Nada mais ilustra melhor a irrelevância da ONU no século XXI do que a questão das mudanças climáticas. É o Painel Internacional sobre Mudanças Climáticas (IPCC) patrocinado pela ONU, que coleta e apresenta dados científicos sobre o aquecimento global e suas previsões para o futuro do planeta e da humanidade. O IPCC emite alertas cada vez mais severos sobre os danos do aquecimento global. Mas cada reunião sobre as mudanças climáticas (COP) [3] convocada pela ONU é cada vez mais lenta para chegar a qualquer acordo sobre a redução das emissões de gases de efeito estufa e, uma vez encerrada, os governos nacionais ignoram ou rejeitam até mesmo as metas mais brandas de ação global [4].
A mudança climática está ganhando: as emissões de CO2 aumentaram 2 bilhões de toneladas desde 2020. O consumo de combustíveis fósseis aumentou 38 exajoules. A energia eólica e solar aumentaram 14 exajoules e a energia nuclear e hidrelétrica aumentaram 8 exajoules
De fato, o último relatório mostra que os governos agora estão planejando aumentar a produção de combustível fóssil nas próximas décadas do que em 2023 [5]. Este aumento vai contra os compromissos que esses países firmaram nas cúpulas climáticas da ONU para uma “transição para longe dos combustíveis fósseis” e para uma redução gradual da produção, particularmente do carvão. Se toda a nova extração planejada ocorrer, o mundo produzirá mais do que o dobro da quantidade de combustíveis fósseis em 2030 do que seria compatível com a manutenção do aumento da temperatura global em 1,5ºC acima dos níveis pré-industriais. A produção projetada para 2030 excede os níveis alinhados com os limites alarmantes de 1,5ºC mais do que em 120%.
Quanto ao desenvolvimento econômico para erradicar a pobreza globalmente, em setembro de 2015 a ONU concordou com um conjunto de 17 Objetivos de Desenvolvimento Sustentáveis (ODS) a serem atingidos até 2030 [6]. Todos os países supostamente se comprometeram a trabalhar juntos para erradicar a pobreza e a fome, proteger o planeta, promover a paz e garantir a igualdade de gênero. O que aconteceu nos últimos dez anos? Apenas um terço dos ODS estão no caminho certo, com pouca perspectiva de alcançar qualquer progresso significativo nos próximos cinco anos [7].

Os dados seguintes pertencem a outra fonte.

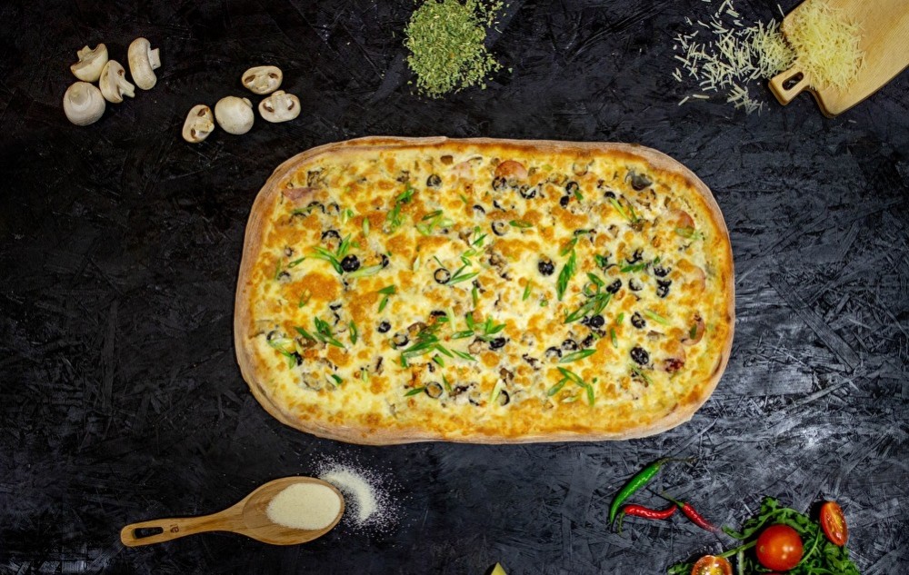 Тесто, соус ранч, курица, моцарелла, шампиньоны, маслины, зеленый лук
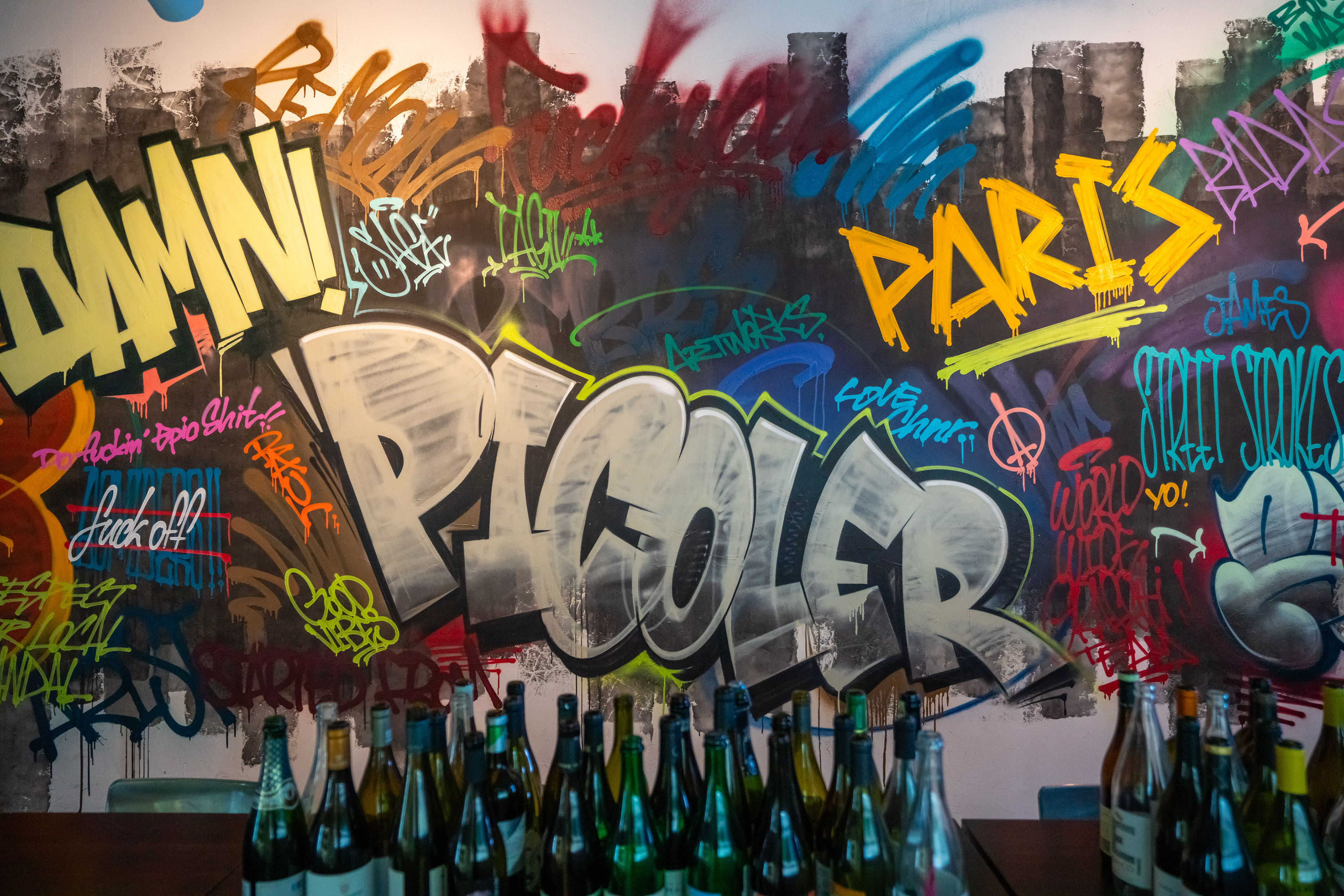 This project is an interior graffiti installation for PICOLER Wine Bar in Ingye-dong, Suwon. The work introduces the layered textures and visual language of street graffiti into an already refined commercial interior, aiming to redefine the identity of the space without disrupting its function.

O Relatório dos Objetivos de Desenvolvimento Sustentável de 2024 [8] enfatizou que quase metade das 17 metas estão apresentando um progresso mínimo ou moderado, enquanto mais de um terço está estagnada ou em retrocesso desde sua adoção. “Este relatório é conhecido como o boletim anual dos ODS e demonstra que o mundo está recebendo uma nota baixa”, disse o Secretário-Geral da ONU, Guterres, na coletiva de imprensa de lançamento do balanço abrangente [9].
Com menos de um quinto das metas estão em desenvolvimento, o mundo está falhando em cumprir a promessa dos ODS
Finalmente, quanto às guerras e às aspirações pela paz mundial da ONU, ela parece incapaz de evitar guerras ou manter a paz. Ao contrário, Donald Trump proclama que , como líder dos EUA, a potência hegemônica, ele está acabando com as guerras (sete até o momento, de acordo com Trump). Os EUA, agora, estão abertamente conduzindo negociações de “paz” globalmente, conforme lhes convém, e não a ONU. Trump foi até mesmo indicado ao Prêmio Nobel da Paz!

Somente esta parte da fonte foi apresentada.